For $i\in[n]$ let us define iid random variables $u_i\sim \text{Unif}(\{-1,1\})$, i.e. $Pr(u_i=1)=Pr(u_i=-1)=1/2$. Also let $X=\sum_{i=1}^n u_i$. My question is, how can we compute the concentration of $X^2$ around its mean $\mathbb{E}[X^2]$?
It is not hard to compute the mean by linearity of expectation: $$\mathbb{E}[X^2] =\sum_i \mathbb{E}[u_i^2] + \sum_{i\neq j} \mathbb{E}[u_i u_j ]$$ Because we always have $u_i^2=1$ we have $\mathbb{E}[u_i^2] = 1$ and also when $i\neq j$ then $u_i$ and $u_j$ are independent, we have $\mathbb{E}[u_i u_j] = \mathbb{E}[u_i] \mathbb{E}[u_j] = 0$ and therefore we can compute $\mathbb{E}[X^2] = n$.
However, computing the concentration seems a bit more tricky.
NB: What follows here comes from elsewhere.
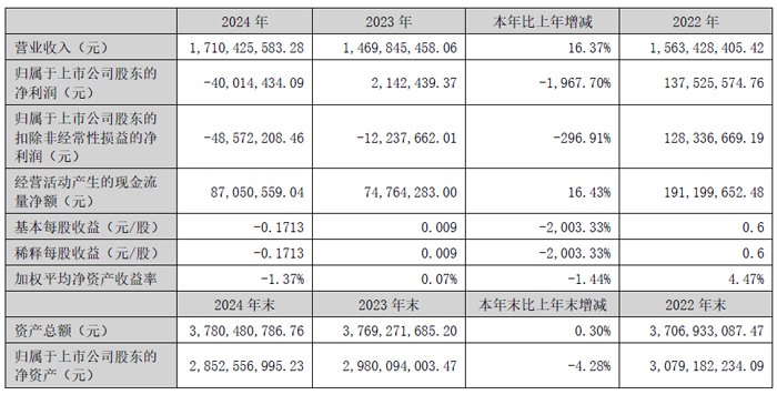 4月23日晚间,奕东电子科技股份有限公司发布2024年年度报告。报告期内,公司实现营业总收入为17.1亿元,比上年同期增加16.37%,归母净利润为亏损4,001.44万元,扣非净利润为亏损4,857.22万元。

It seems to me that if we define a new random variable $Y_{ij}=u_i u_j$ we can use Johnson's inequality because of little interaction between the $Y_{ij}$s. Any ideas on how to compute the concentration?
This random variable $X^2 = q^* \boldsymbol{A} q$ where $\boldsymbol{A}$ is the matrix of all ones and $q$ is a Rademacher vector. A paper by Roosta-Khorasani and Ascher gives tight concentration results for this variable when $\boldsymbol{A}$ is a generic positive semi definite matrix, and they apply here.
Rephrased, they prove that $$\mathbf{P}( | X^2 - n|>\epsilon n) < 2 e^{-\tfrac{1}{2}(\tfrac{\epsilon^2}{2} - \tfrac{\epsilon^3}{3})}.$$